Unfortunately, a cursory glance at data sets from either Scientific Data or Bioconductor did not have genomic and associated phenotypic data, so we will use the liver.toxicity data set that comes with mixOmics, because it has excellent characteristics for what we would like to do.
liver.toxicity$gene data as predictors, and live.toxicity$clinic data as outcomes.nearZeroVar to gene data to drop genes unlikely to have sufficient variance to inform outcomes.if (!require("mixOmics")) install.packages("mixOmics")
#Note: rgl installation failed-- installed XQuartz for X11
#https://www.xquartz.org/
rmse() will accept the actual and predicted numeric values, and will return the root mean squared error.
rmse <- function(actual, predicted){
return(sqrt(mean((actual-predicted)^2)))
}
metrics() will iterate over the variables in the predicted data frame to generate root mean squared error stats for each variable.

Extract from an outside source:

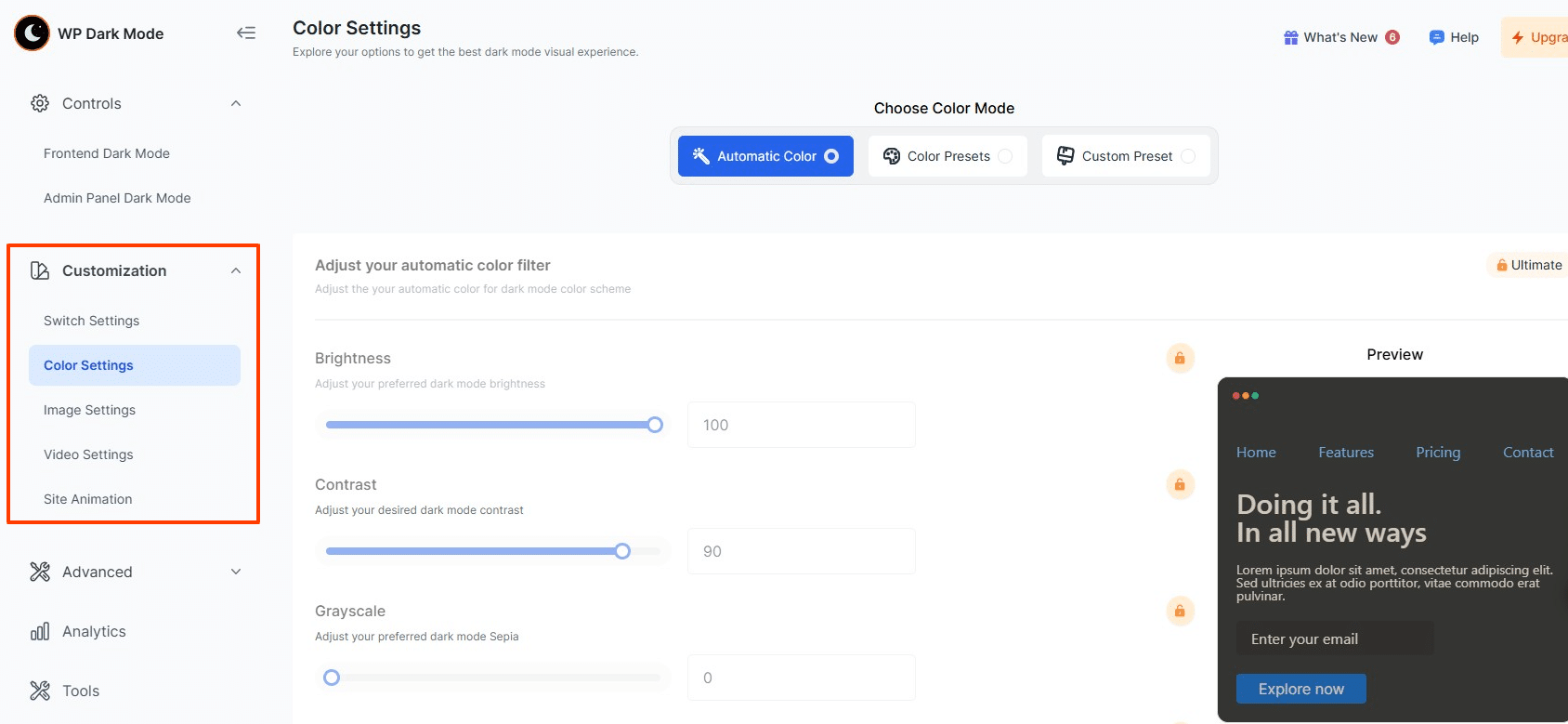 WP Dark Mode ofrece algunas opciones de personalización que te permiten ajustar la apariencia del modo oscuro en WordPress de acuerdo con tus preferencias.
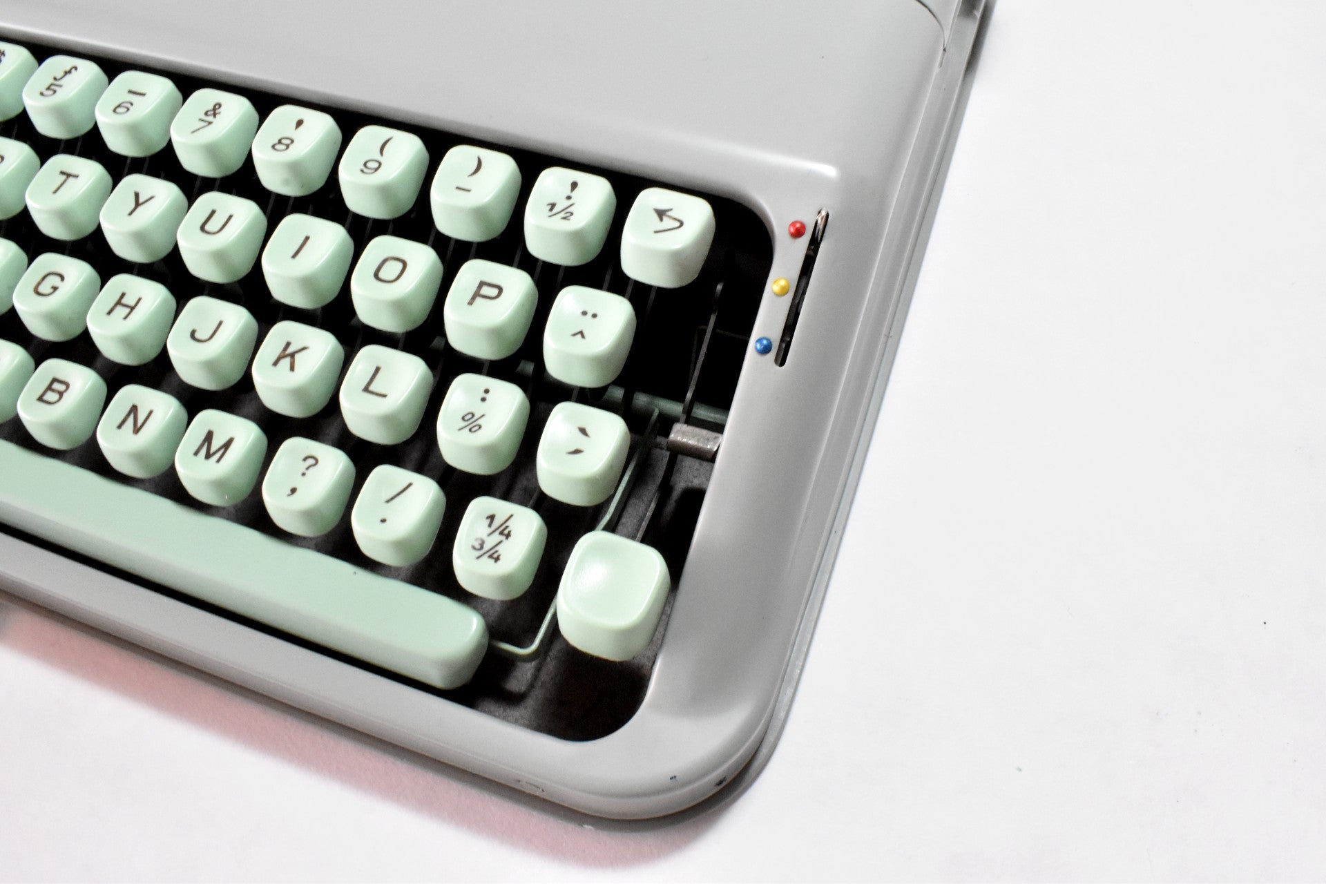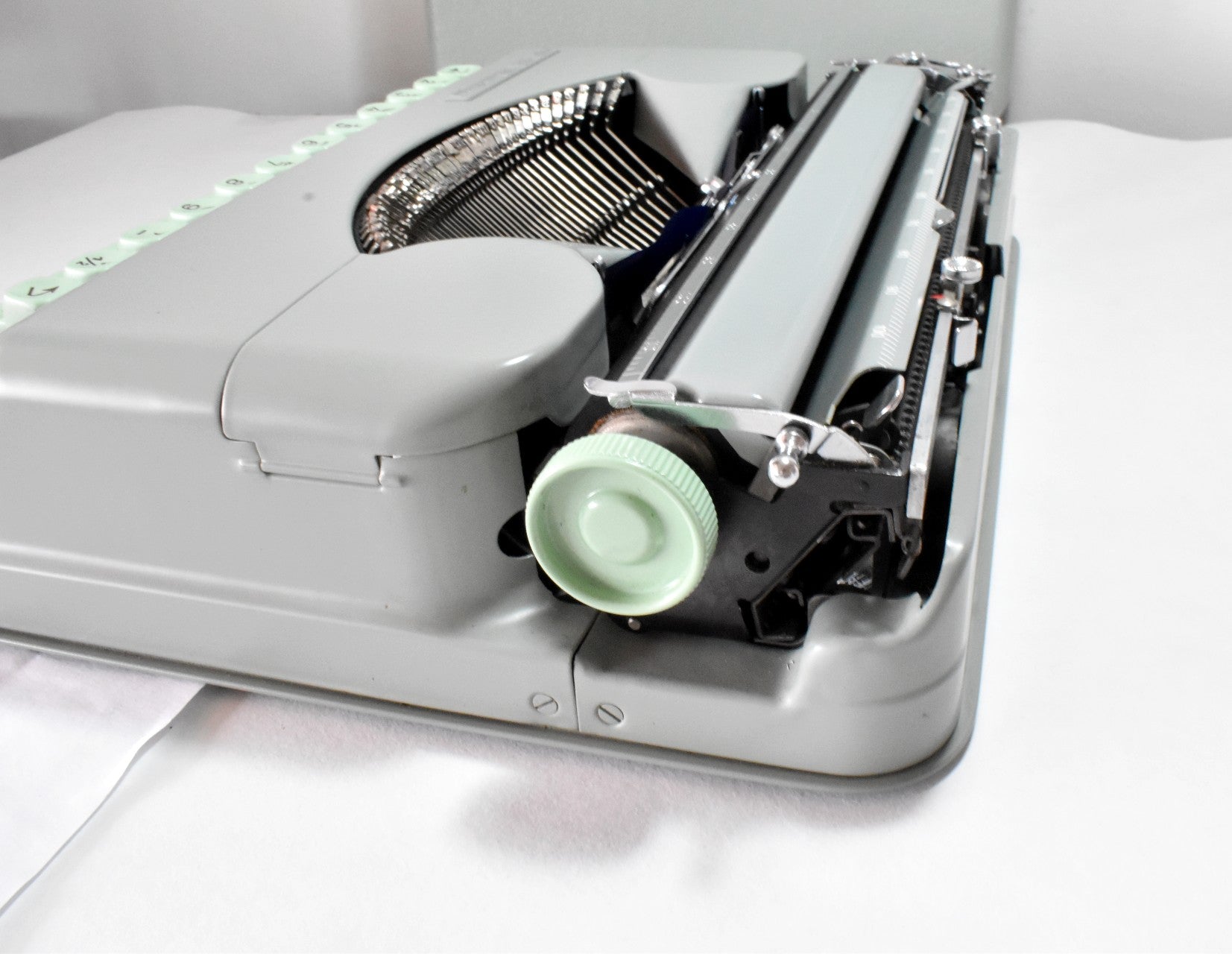*MECHANICS: As with all our serviced typewriters - this one is in outstanding mechanical condition. As part of our restoring this typewriter has been thoroughly cleaned and has received new blue ink and new rubber feet for optimal grip. We disassemble the typewriter and perform stress testing and also replace old/worn out parts. The typewriter is now ready to withstand many hours of heavy typing with it's smooth carriage, light keys and sturdy design. It has new rubber feet, new felt pads, fine tuned and aligned to serve a minimum of 50 more years.

metrics <- function(actual, predicted){
#Hold the data to return
res_frame <- data.frame()
#Create vector for holding values
res_vec <- vector()
for (i in 1:ncol(actual)){
res_vec[length(res_vec)+1] <- rmse(actual[,i], predicted[,i])
}
#Bind
res_frame <- rbind(res_frame, res_vec)
colnames(res_frame) <- colnames(actual)
return(res_frame)
}
bootstrap_pls() will randomly sample 50% of observations from the predictors and generate clinical predictions, utilizing pls, from the model n times utilizing n_comp number of components and component number which_comp in the string form of "dim comp_num".
bootstrap_pls <- function(x, y, n, n_comp, which_comp){
#Frame for all predictor data
x_frame <- data.frame()
#Frame for all clinical data
y_frame <- data.frame()
#Frame for predictions
pred_frame <- data.frame()
#list() for results
res <- list()
for (i in 1:n){
#Sample from all columns
tmp_x <- x[sample(nrow(x), nrow(x)/2), ]
#rbind predictors (mostly a waste of memory)
#x_frame <- rbind(x_frame, cbind(row.names(tmp_x), tmp_x))
#Pull clinical data for samples
tmp_y <- y[which(row.names(y) %in% row.names(tmp_x)),]
#rbind clinical data (mostly a waste of memory)
#y_frame <- rbind(y_frame, cbind(row.names(tmp_y), tmp_y))
#perform regression
clin_pls <- pls(tmp_x, tmp_y, ncomp = n_comp, mode = "regression")
#Predict for ALL values of x
pls_pred <- as.data.frame(predict(clin_pls, x)$predict)
#Subset predictions from component with which_comp
pls_pred <- pls_pred[ ,grepl(which_comp, colnames(pls_pred))]
#Assign proper column names
colnames(pls_pred) <- colnames(y)
pred_frame <- rbind(pred_frame, cbind(row.names(pls_pred), pls_pred))
}
#Create results object to return
#res[["x_frame"]] <- x_frame
#res[["y_frame"]] <- y_frame
## For now, only predictions-- waste of memory
res[["pred_frame"]] <- pred_frame
return(res)
}
data("liver.toxicity")
#Structure of liver.toxicity, but not gene because it's >3k variables
str(liver.toxicity$clinic)
## 'data.frame': 64 obs. of 10 variables:
## $ BUN.mg.dL. : num 12 15 17 19 20 17 16 14 12 11 ...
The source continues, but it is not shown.